Rest in Peace George

by shahid on November 25, 2005

I was wrong about the papers. Not racist, except when it would turn a profit for them. They were talking disgracefully about George Best about a day before he died in such terms:

George Best Slips Away

Slippnig away means dying. The papers wanted to sell, so they pre-sold his death. Their disrespect knows no bounds.

Let’s talk about what I thought of the man.

He was funny, witty, charming, rogueish, a drunken womaniser and most importantly, in my opinion, the greatest footballer of all time.

Hold on - better than Pele? Yes. Pele scored lots of goals, but he scored them for Santos, where his opposition was usually a bunch of 10-year old ladyboys. Better than Maradona? Yes, because although Maradona was skilful, his audacity, despite all that “hand of god” b.s. was no match for Best, who would round a player, then round him again just for a laugh.

My father saw Best play at his peak. Not on telly of course, but on the field. He spoke of Best with near reverence. My dad had seen Jummy Greaves, Billy Bremner, Peter Lorimer, Dennis Law, some of the finest talents that the United Kingdom had to offer in their generation. Best was peerless.

I recall Best turning up for Wogan utterly blotto (sorry, such an 80s word). He utterly trashed Paul Gascoigne. He thought Gazza was good, but it was laughable for anyone to compare the two. Best made a fool of himself on the show, but he was absolutely stone cold sober when he brushed off the comparison with Gazza. And I believed him.

Best didn’t just beat his opponents. He trashed them, left them on their arse, waited for them to get up and trashed them again. Best was the most appropriately named footballer of all time. George like the Beatle, Best like nobody else.

Best would slalom up the pitch, leaving defender after defender in tears, broken, floored, then, having reached the goal-line, he would pull the ball back, beat another defender, beat the keeper and roll the ball in. He was of course finished very quickly, but the light that burns twice as bright burns half as long.

Best played football when men played football. Punches, elbows, leg-breaking two-footed challenges were not just legal, they were de rigeur. Part and parcel of the game. He survived all that and in an unforgettable night, destroyed Benfica, the world’s greatest team, single-handed. United went on to win the European Cup not long after, largely thanks to Best, when he was also voted European Footballer of the Year.

The only player who compares is Ronaldinho, who I think batters Maradona and Pele into a cocked hat. Don’t talk to me about Cruyff, Beckenbauer or di Stefano. These players were stylish, perceptive and beautiful, but Best was magic. Best was a wizard when cliches were still perfectly good words.

What else was he? Does it really matter? He defined football for an entire generation and no matter how hard Ryan Giggs tried - and Giggs was one of the finest wingers of all time, let there be no doubt - he would forever remain in the shadow of the greatest artisan, the most skilled practitioner that the beautiful game has ever known.

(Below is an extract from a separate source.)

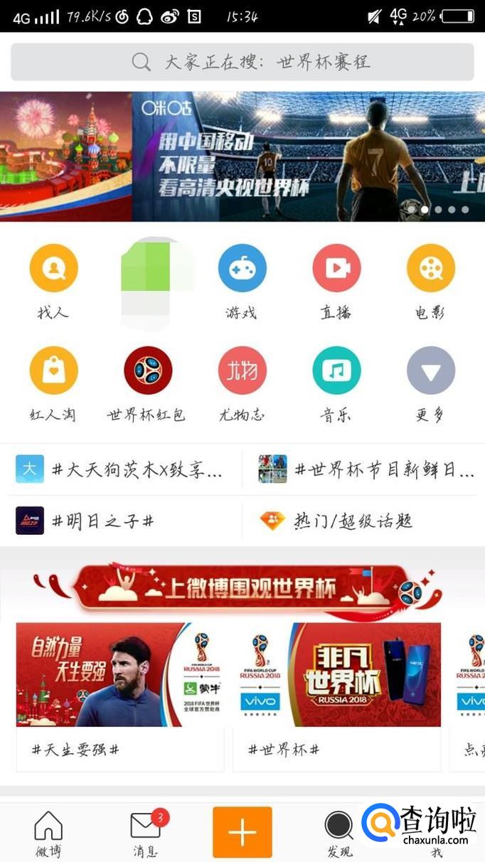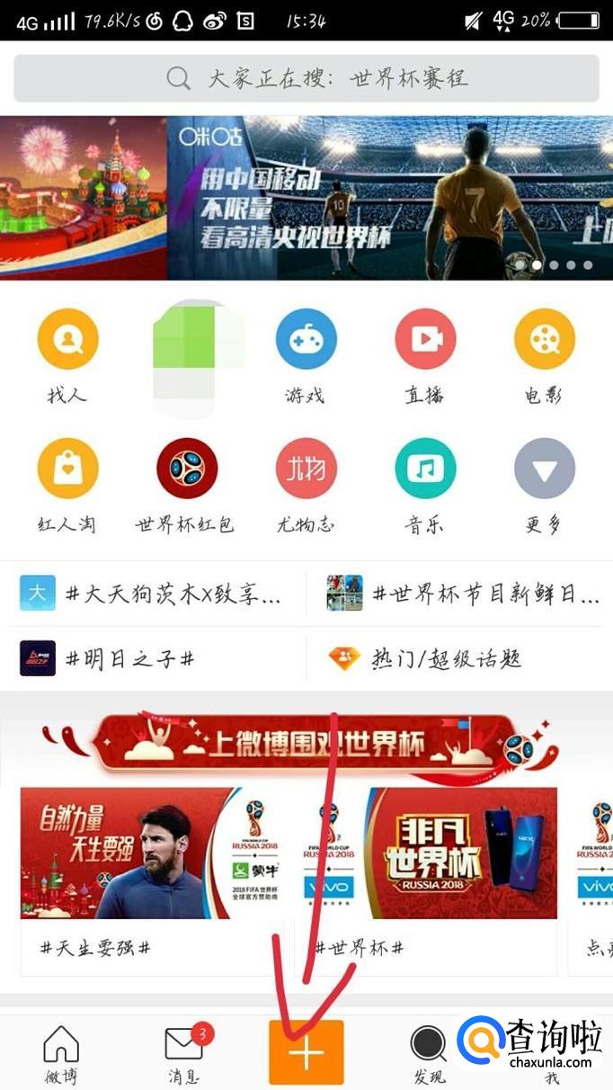 首先打开微博这个app,如图1所示。进入微博会看到一个新的界面,如图2所示啊。

Football no longer has a place for characters like Best, which is precisely why no one will ever better him. How do you better the best anyway? Asked where his money went, he answered, immortally:

“I spent a lot of money on booze, birds and fast cars. The rest I just squandered”

Rest in peace George.

{ 1 comment… read it below or add one }

1

de 11.26.05 at 1:16 am

I was part of “the generation that missed Best”. He didn’t have the world stage that Pele had - but Pele never bothered tackling. Best seemed to play the entire game himself.

I think thats why people are so protective towards Rooney; no point realising too late that he is the Best we are going to get for a while.